Sunday, September 16, 2018

Marc Tucker Digs Up New Rationale for Public School "Unbuilding"

Marc Tucker is at it again, with a newly-excavated rationale for blowing up public schools and universities.  

My reaction:

Tucker continues to weave a narrative that entirely ignores the systematic formation in the early 20th Century of a racist and classist education system that reflected the prejudices of social efficiency zealots, who threw open the doors to the new education factories they built for exploitation by succeeding generations of snake oil salesmen with a never-ending supply of fake remedies for manufactured problems.
The learning "crisis" of American schools in the 1970s grew from an unacknowledged fear of racial integration and social progress. The rise of testing accountability, which was based on the same racist testing technologies from the eugenics era earlier in the 20th Century, functioned to efficiently label, sort, and segregate students, and to further incentivize the monetization of public education by what has since become the testing-technological complex.
Mr. Tucker's half-baked history lesson and his blinkered rationalizations would clear the way for another generation of capitalist plunderers who know nothing about schooling, learning, or teaching, this time centered in Silicon Valley and backed by another generation venture philanthropists with self-serving solutions.
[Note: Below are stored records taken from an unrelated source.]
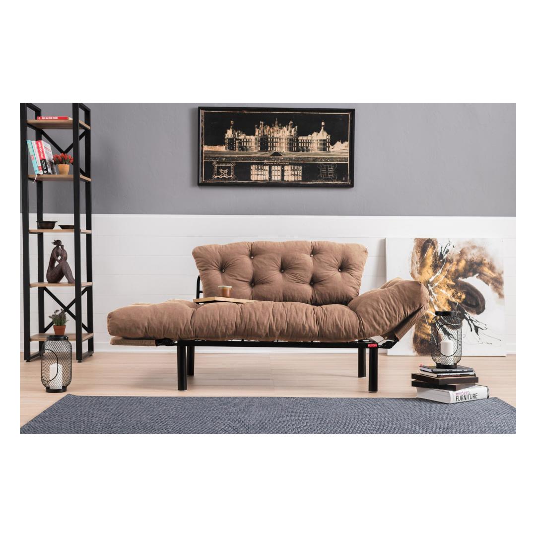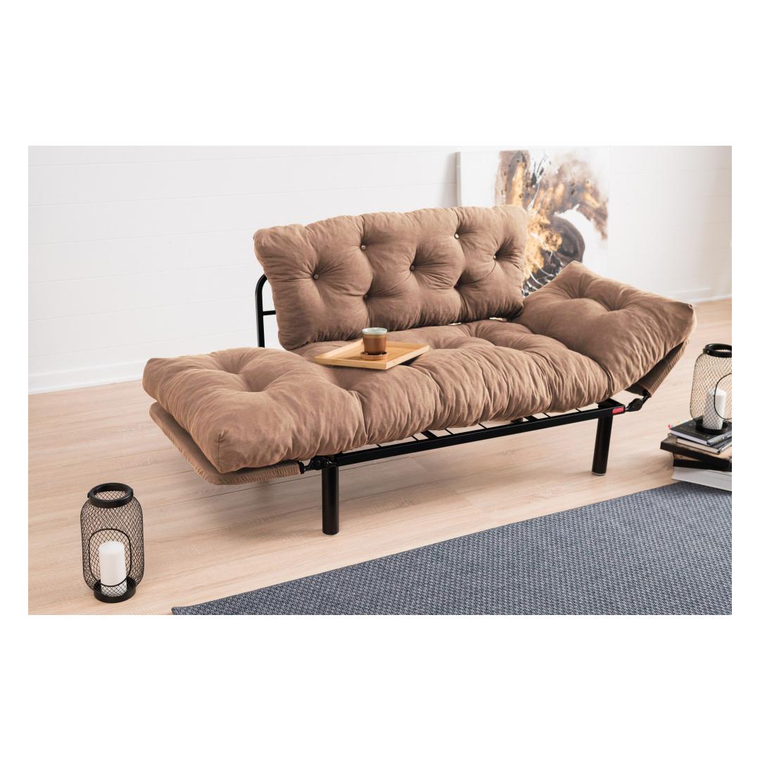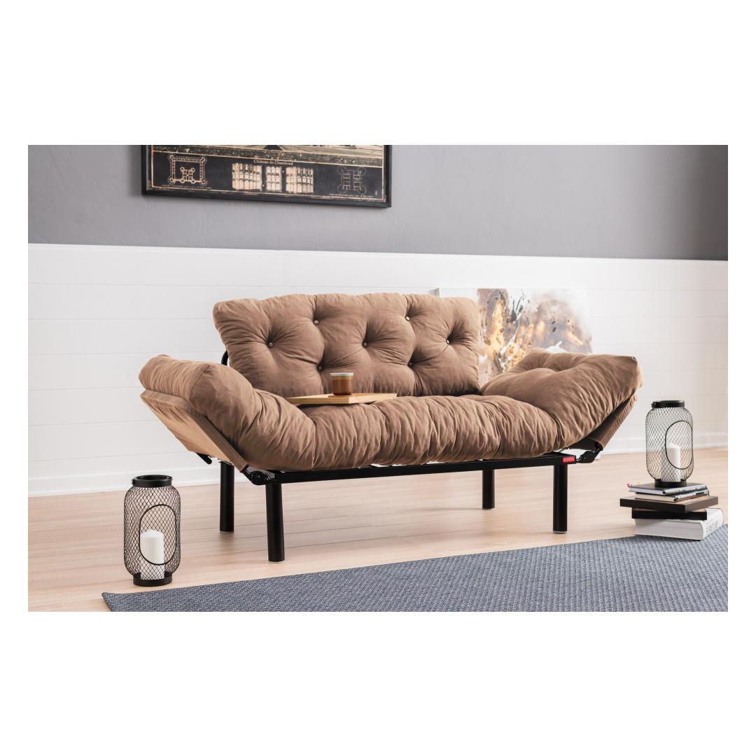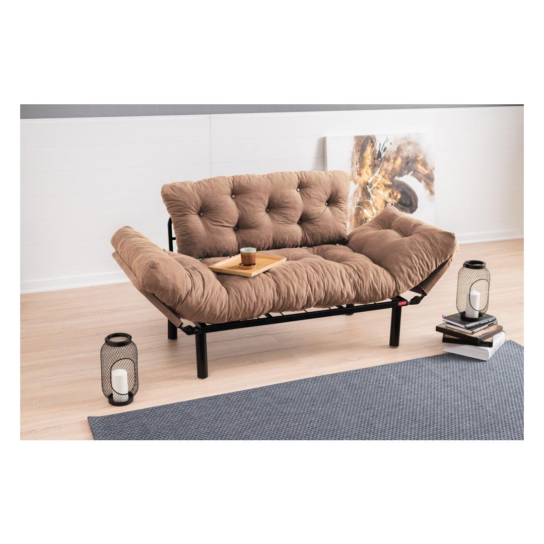 155 cm laiuse, 85 cm kõrguse ja 70 cm sügavusega diivanvoodi on ideaalne lahendus väiksematesse eluruumidesse. Kompaktne disain võimaldab seda hõlpsasti muuta 187 cm laiuseks ja 70 cm sügavuseks voodiks, pakkudes külalistele mugavat magamispinda.
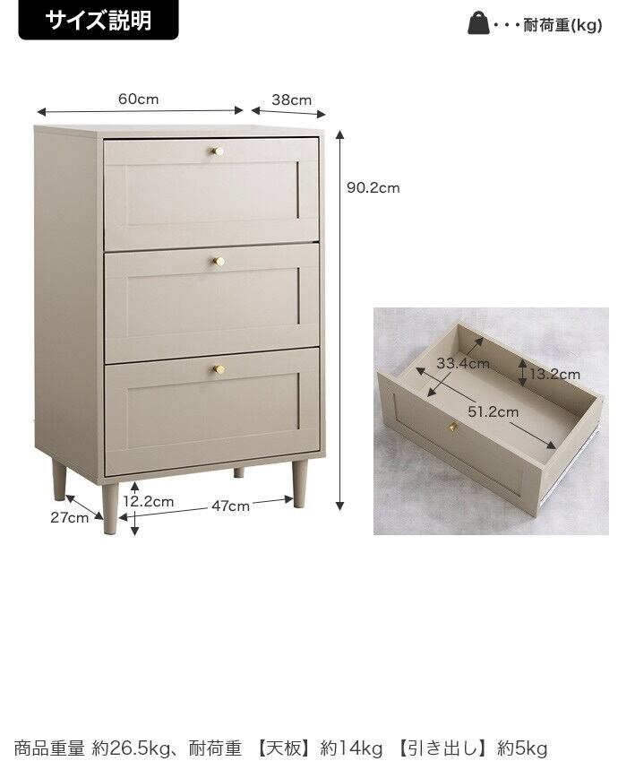 また、スライドレール仕様で最大25.3cmまで引き出すことができ、奥にある物の取り出しも楽々。重みの増した引き出しも軽い力で開閉することが可能です。
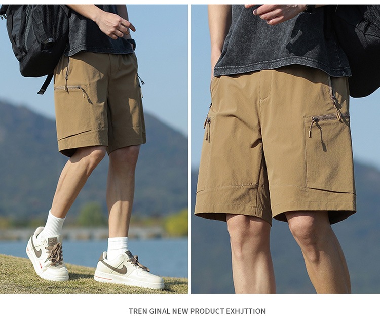 도매 가볍고 얇은 얼음 느낌의 작업복 아메리칸 반바지 여름 유행 브랜드 루즈한 스포츠 바지 멀티 포켓 아이스 실크 휴가 크로스보더스토어 가기

With new schemes in the making for increased monitoring, surveillance, data sharing, neurological reprogramming (SEL), and increased screen time isolation, the paternalist threat to humane learning environments and democratic institutions has never been greater, and the opportunities for social capital investment predators has never been higher.
There is nothing new in Mr. Tucker's tired tirade that we haven't heard before. His suggestion to allow a new generation of "scientific" managers to "unbuild" public schools and public universities expresses an antiquarian faith in the ingenuity of capitalist enterprise in education that is as undeserved as it is irresponsible.

1 comment:

  1. Reading that Marc Tucker has risen again is rather like hearing that Gabby Hayes is making a new movie.